A vitória no Conpresp encerra uma disputa concreta, mas abre uma reflexão mais ampla sobre o futuro do patrimônio arquitetônico em São Paulo. A Escola Panamericana não sobreviveu por acaso: ela foi defendida por quem entendeu, no momento certo, que certas obras precisam ser lidas como bens públicos de valor coletivo. Esse tipo de desfecho fortalece a cultura urbana e ajuda a criar um repertório mais sofisticado para lidar com imóveis emblemáticos. Em vez de enxergar a preservação como obstáculo, a cidade pode tratá-la como ferramenta de inteligência territorial. É nessa chave que o caso se torna tão relevante para arquitetos, empreendedores e comunicadores do mercado imobiliário. A preservação bem conduzida pode gerar diferenciação, credibilidade e narrativa de marca, enquanto a demolição de referência consolidada pode produzir perda de imagem e ruptura de memória. O episódio da Panamericana mostra que há, sim, espaço para inovação sem amnésia. Quando a cidade escolhe preservar uma obra de valor, ela afirma sua maturidade cultural e amplia as possibilidades de futuro.
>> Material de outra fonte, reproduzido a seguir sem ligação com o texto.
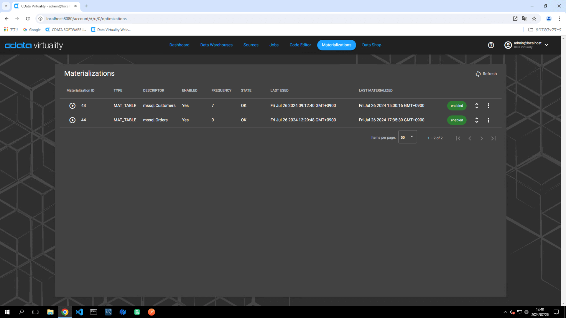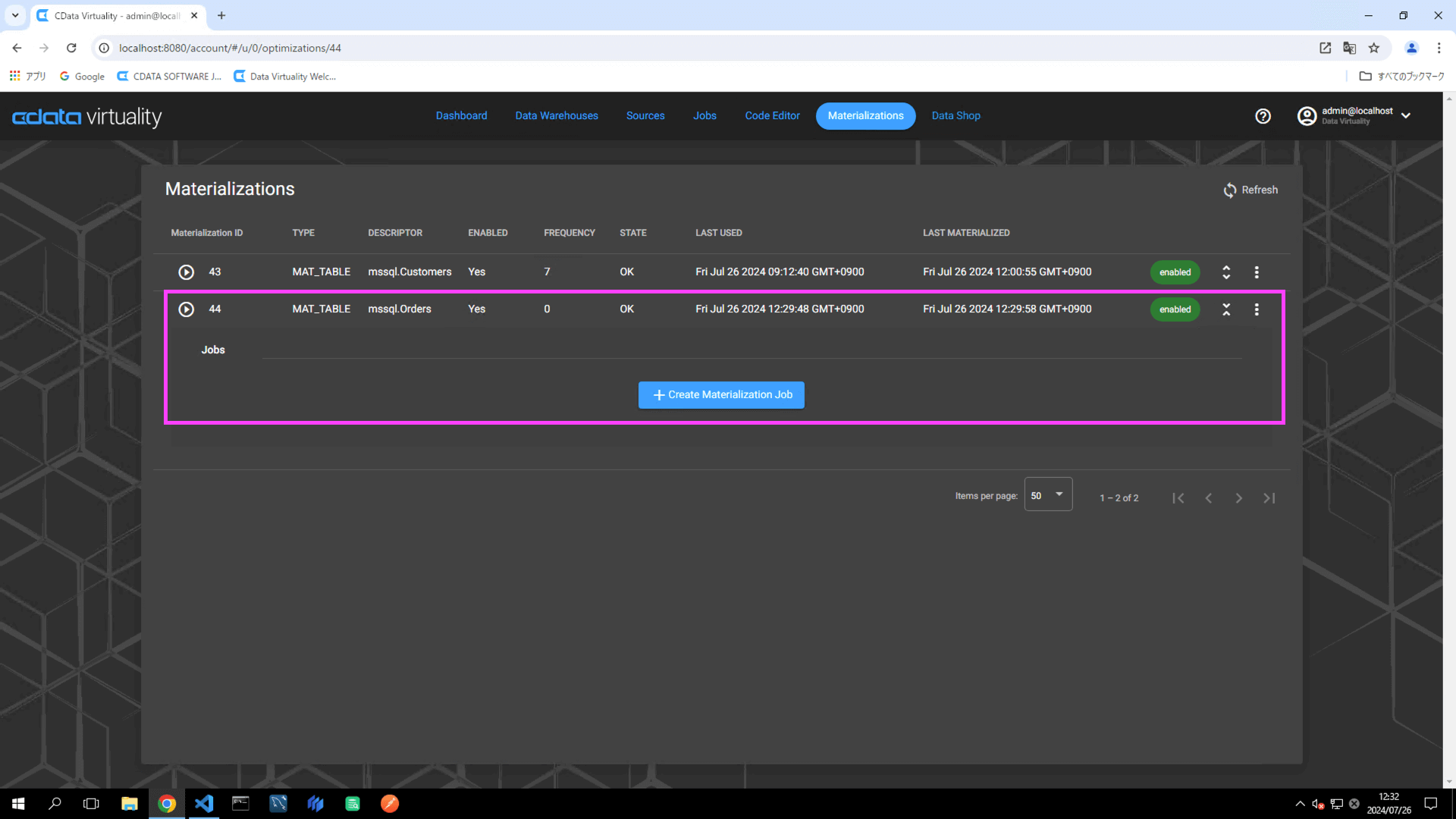 Navigate to the Materializations screen, and confirm that materialization for the created job is set to enabled:

Se houve emoção na sessão do Conpresp, ela veio do reconhecimento de que a luta foi maior do que um prédio. Foi uma defesa da cidade como construção coletiva, da arquitetura como linguagem pública e da memória como ativo urbano. Zanettini resumiu bem esse espírito ao dizer que a conquista é da cultura paulistana e do Brasil. E essa talvez seja a lição mais forte do caso: nem toda vitória precisa ser medida em metros quadrados ou em retorno financeiro. Algumas vitórias se medem em permanência, em significado e em capacidade de inspirar novas gerações. Para quem acompanha o mercado imobiliário com atenção, o recado é claro: lugares contam histórias, e histórias bem cuidadas valem muito. A Panamericana continua lá para provar isso — viva, visível e mais forte do que antes.